**Directions**. Reproduction of part of the material below, pictures omitted: copy exactly, and only, the lines starting with the one with "Artur Boruc (born" and going on through the one with "Yerhovsky House, 17".

**Listed records**.
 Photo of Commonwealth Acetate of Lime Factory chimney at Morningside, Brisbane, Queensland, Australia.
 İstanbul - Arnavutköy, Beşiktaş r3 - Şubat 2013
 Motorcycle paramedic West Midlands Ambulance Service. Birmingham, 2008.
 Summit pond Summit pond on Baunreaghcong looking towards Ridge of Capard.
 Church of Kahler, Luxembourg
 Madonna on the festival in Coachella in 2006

--

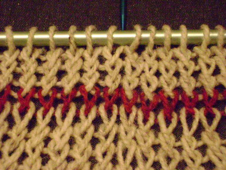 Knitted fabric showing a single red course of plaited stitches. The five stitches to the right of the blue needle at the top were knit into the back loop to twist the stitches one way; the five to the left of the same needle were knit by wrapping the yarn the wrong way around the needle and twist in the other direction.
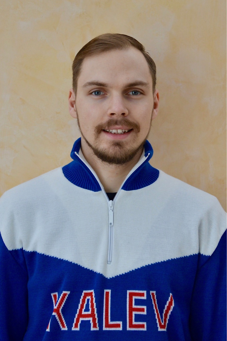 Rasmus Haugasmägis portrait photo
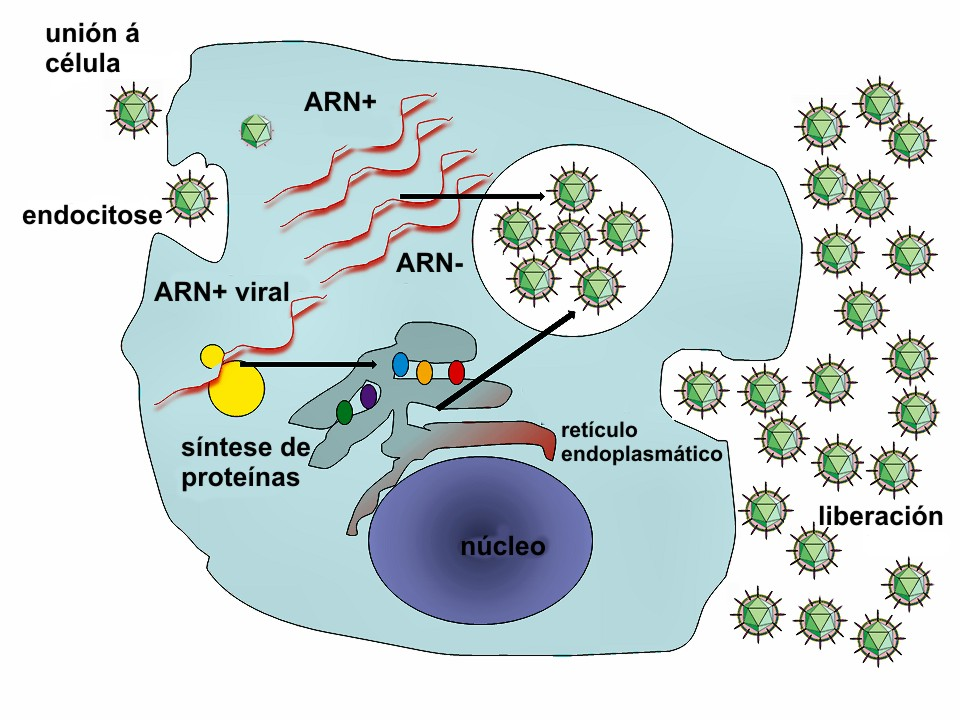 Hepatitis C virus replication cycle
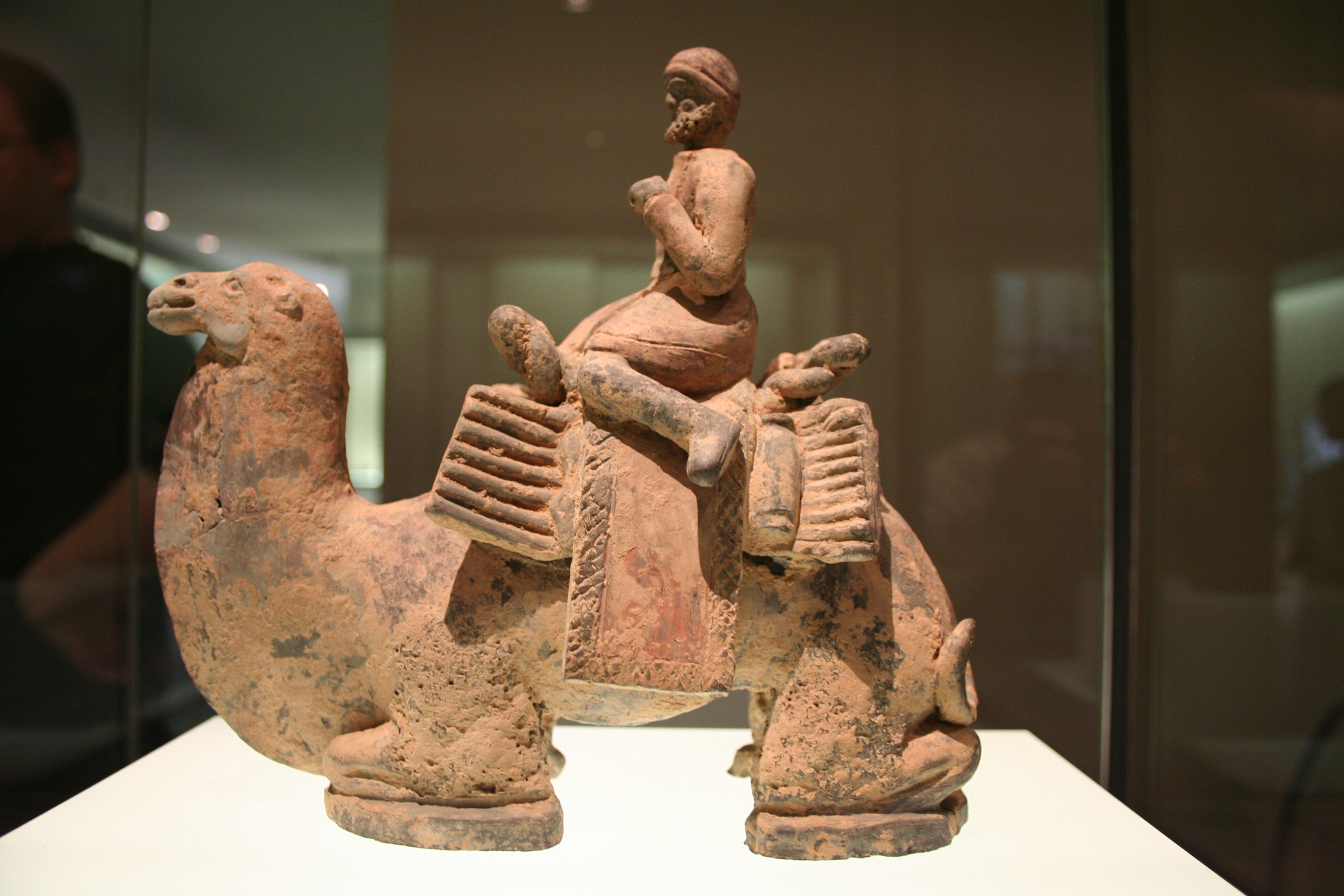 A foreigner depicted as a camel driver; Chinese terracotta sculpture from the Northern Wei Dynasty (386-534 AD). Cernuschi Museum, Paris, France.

--

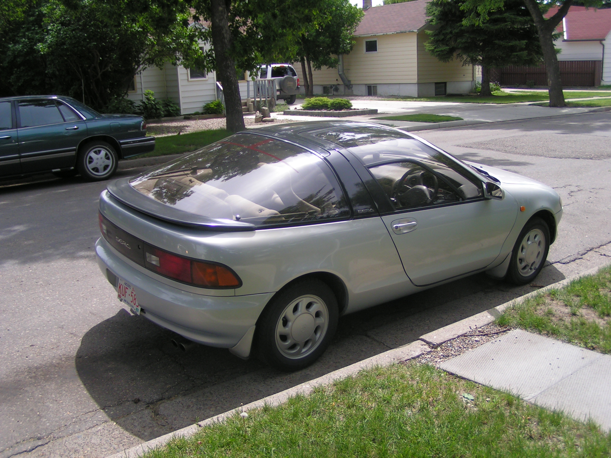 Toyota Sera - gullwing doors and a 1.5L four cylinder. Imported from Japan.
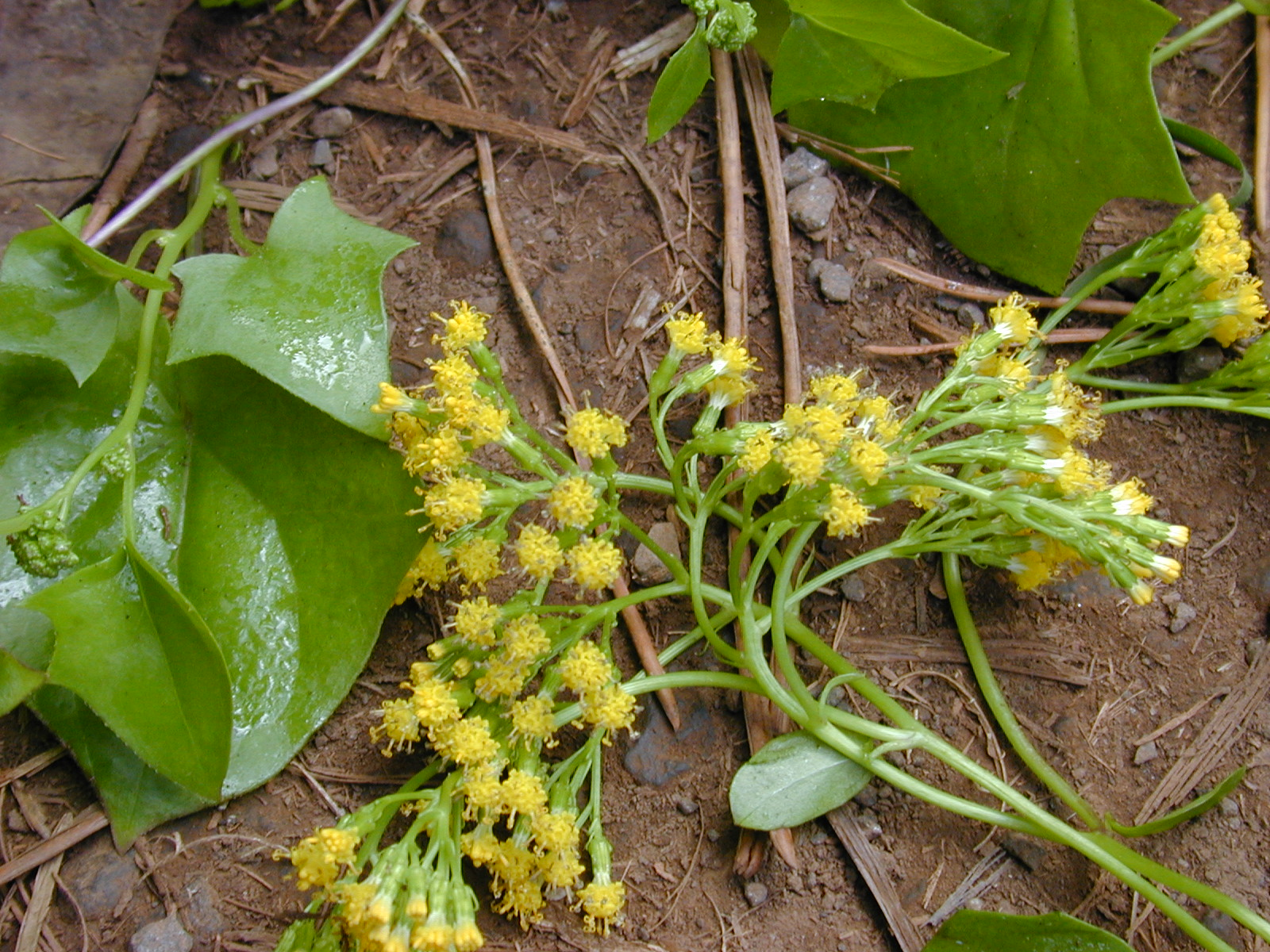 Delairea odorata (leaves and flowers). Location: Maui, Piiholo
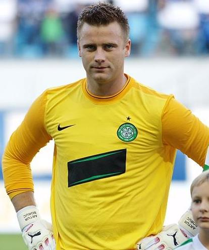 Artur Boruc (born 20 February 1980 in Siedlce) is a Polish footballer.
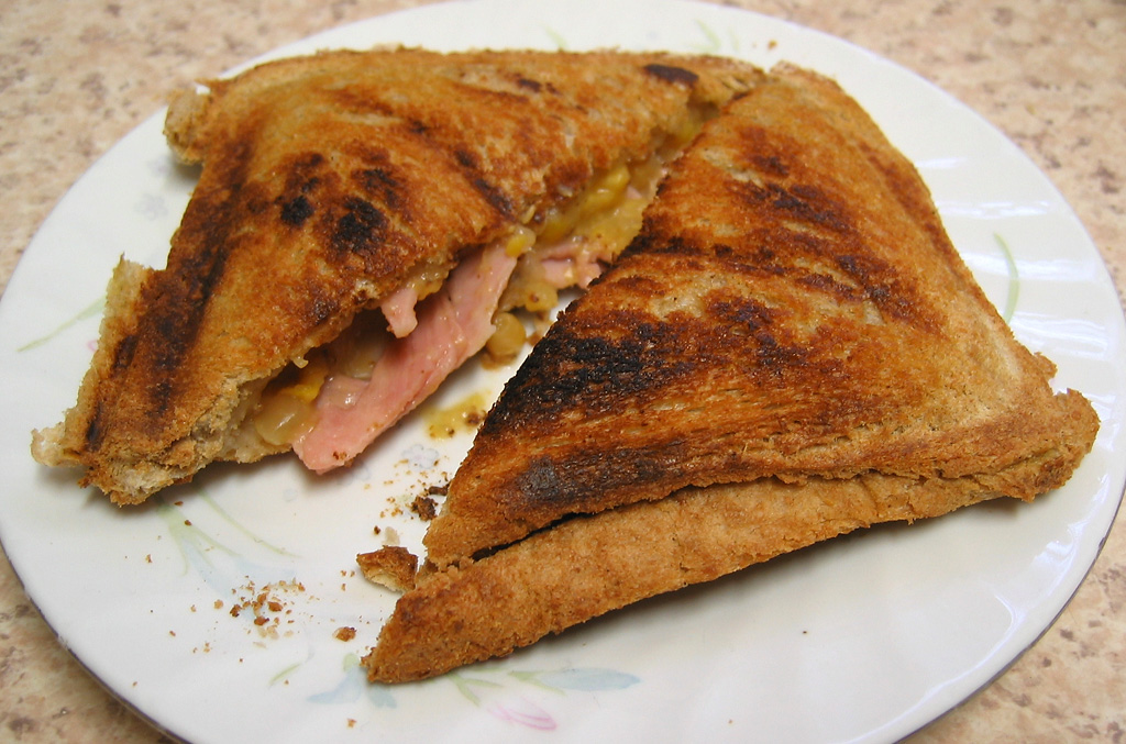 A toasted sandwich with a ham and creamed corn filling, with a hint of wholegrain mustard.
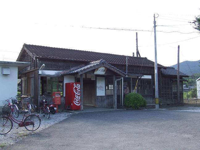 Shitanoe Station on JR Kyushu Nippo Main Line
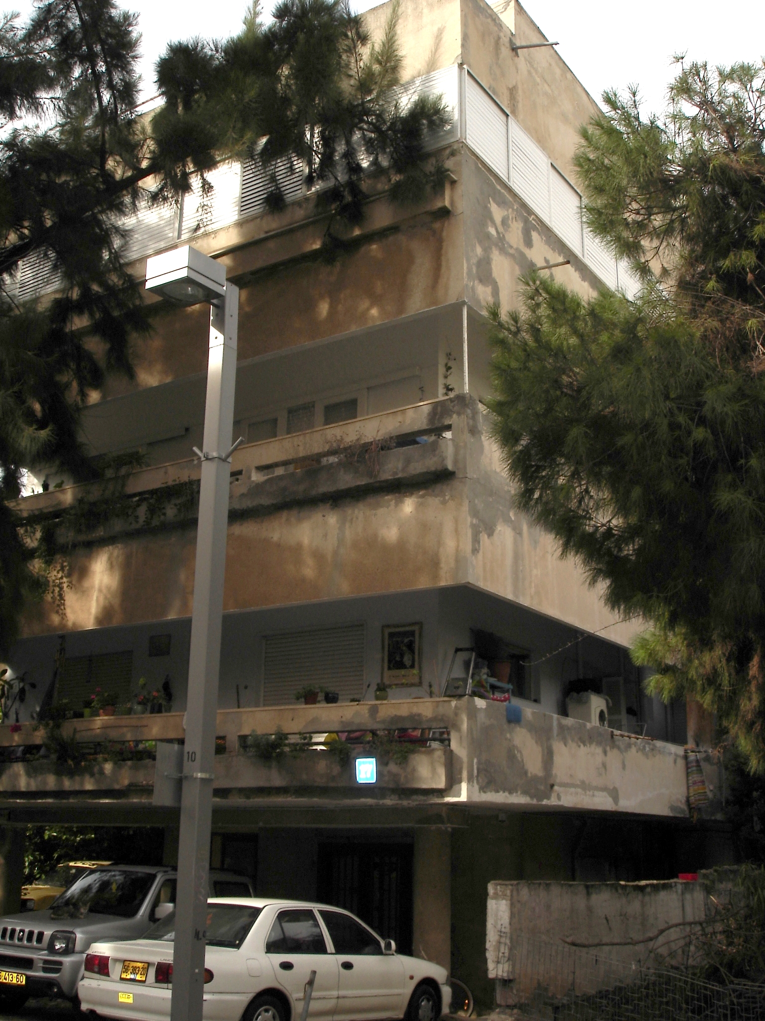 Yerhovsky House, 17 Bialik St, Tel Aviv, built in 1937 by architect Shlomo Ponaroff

**Solution to the problem**.
 Artur Boruc (born 20 February 1980 in Siedlce) is a Polish footballer.
 A toasted sandwich with a ham and creamed corn filling, with a hint of wholegrain mustard.
 Shitanoe Station on JR Kyushu Nippo Main Line
 Yerhovsky House, 17 Bialik St, Tel Aviv, built in 1937 by architect Shlomo Ponaroff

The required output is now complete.